Nixon’s General: Creighton W. Abrams, Jr
by Blaine Taylor
Photo: Gen. Crieghton W. Abrams, Jr., commander-in-chief Allied forces South Vietnam, painted here as US Army Chief of Staff. (US Army Combat Art Collection.)
“The Best Tank Commander In The Army” And Chief Of Staff Of The Us Army, 1972-74
According to Gen. George Smith Patton Jr., “I’m supposed to be the best tank commander in the Army, but I have one peer, Abe Abrams. He’s the world champion!” “Old Bloods and Guts” asserted of Creighton Williams Abrams, Jr. (1914-74), 59.
His glory days were in the Second World War when, as a tank battalion commander in the 4th Armored Division of Patton’s famed Third Army, then Col. Abrams fought in the Battle of the Bulge, as well as led the drive across Nazi Occupied France and into the Third Reich itself.
Born Sept. 15, 1914 at Springfield, MA, Gen. Abrams graduated from the US Military Academy at West Point in the Class of 1936, and succeeded Gen. William C. Westmoreland as commander-in-chief in Vietnam during 1968-72, where he implemented the Nixon Adminstration’s “Vietnamization” program of withdrawing US forces from in-country and turning over the waging of the war to the South Vietnamese themselves.

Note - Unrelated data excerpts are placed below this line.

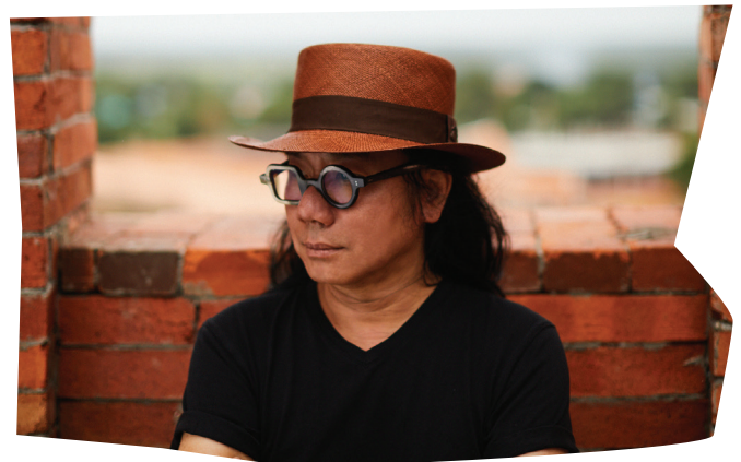
Bangkok Project Studio

In 2021 vertegenwoordigde Bangkok Project Studio Thailand op La Biennale di Venezia met A house for Human and a House for Elephants en werd zijn werk gelauwerd met de Golden Madonnina Design Prize binnen de categorie sociale impact in Milaan.
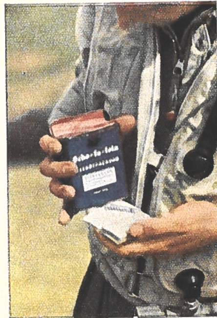
Chaque aviateur reçoit une boîte de chocolat comme vivres de réserves. Cette boîte est entourée d'une enveloppe imperméabilisée que les aviateurs glissent dans la blouse spéciale des traversées aériennes
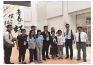
【高校を視察する参加者】

招請期間中には、今後の学校交流につなげるため、仙台市内の学校を視察したほか、宮城県内の高校の校長方との意見交換会を実施し、相互交流の拡大について活発な意見が交わされました。
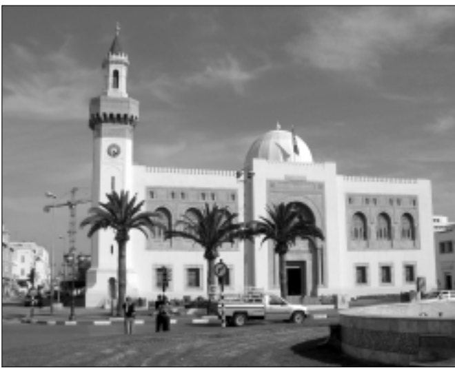
Sfax – druhé najväčšie mesto Tuniska nepatrí medzi turistické lokality a cudzinca tu stretnete iba zriedka.

V jeden večer som sedela na schodoch pred domom, kde si ku mne prisadla 14-ročná sestra mojej priateľky, u ktorej som v tom čase bývala. Celá šťastná, že jej venujem pozornosť, mi francúzsko-anglickou zmiešaninou začala vykladať svoj životný sen. S nádejou v očiach mi rozprávala o tom, ako si želá, aby Európa a všetky arabské krajiny boli ako brat a sestra, ako jedna rodina. Sedela som tam, hľadela do jej mladučkej nevinné tváre a prvýkrát v živote som úplne stratila reč. Čo ako som sa pokúšala, nenapadala mi nijaká logická
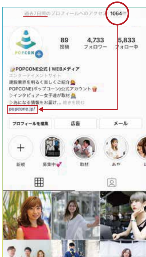
SNS からメディアへ誘導
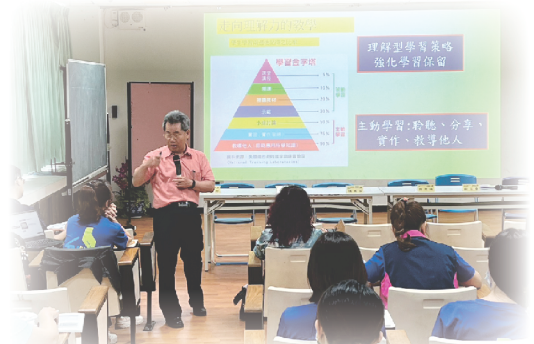
▲▼ 學習共同體融入108課綱的理解力教學

In 1972, Gen. Abrams then succeeded “Westy” yet again, as Chief of Staff of the US Army at the Pentagon, becoming the first Chief to die in office when he passed away from cancer on Sept. 4, 1974.
According to the USMA, “One of the most difficult jobs he faced in his career was regenerating the Army in the wake of Vietnam. Abrams led the Army in a major
re-organization to accommodate the transition to an all volunteer force, and an overall reduction in troop strength. He reorganized the command structure, improved the combat to support ratio, and laid the foundation for three additional combat divisions without increased manpower.”
In addition, Gen. Abrams “Sought improved race relations, effective drug abuse controls, and continually sought to drive tasks to their lowest levels…The Army’s Abrams Series Main Battle tanks are named in his honor.”
During the course of his military career, Gen. Abrams served on the Army General Staff, was director of tactics at the Armored School at Ft. Knox, KY, and graduated from the Command and General Staff College at Ft. Leavenworth, KS.
Following World War II, Abrams served in Korea, back to Europe, the US, and on to the Vietnam War. He married Julia Harvey Abrams on Aug. 30, 1936, and the couple had five children. Interested in both music and fishing, the general held 20 military awards, decorations and medals from the US, Korea, France, Great Britain, and the United Nations, including the Distinguished Service Cross, Silver Star, Legion of Merit, Bronze Star, French Legion of Honor, and the French Croix de Guerre.
Gen. Abrams was buried with full military honors in a special plot in Section 21 at Arlington National Cemetery.